WHAT TO DO: Could you return, exactly as written, every line from the one containing "Best Off Skyranger" through the last line of the entries below, leaving out the pictures?

Dataset entries
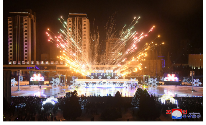
A variety of elegant ice-skating pieces is staged in the performance in celebration of lunar New Year's Day.
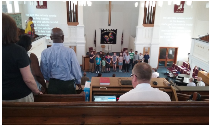
The J Team leading morning worship

Numbers continue to grow and in May, the children and young people prepared and led a Sunday morning service.
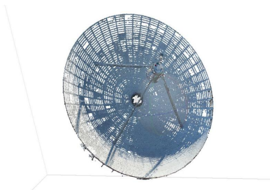
Fig. 2 Filtered dense point cloud at 65° elevation of the RT40-m main reflector, secondary mirror, and support legs.

to perform the local-tie survey between the RAEGE VLBI and RAEGE GNSS techniques.
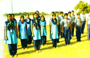
Scouts & Guides inculcating social

(j) IDENTITY CARDS : The school provides Identity Card to each and every student bearing a stamp-size photograph address of the student which always remains with the student for his/her identity.
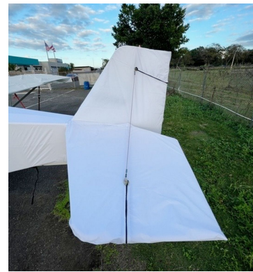
Best Off Skyranger Empennage Cover, test fit cover
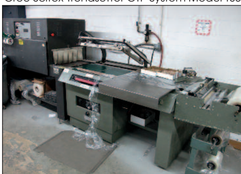
Weldotron Packaging Machine Model 5312

RESULT FOR THIS TASK:
Best Off Skyranger Empennage Cover, test fit cover
Weldotron Packaging Machine Model 5312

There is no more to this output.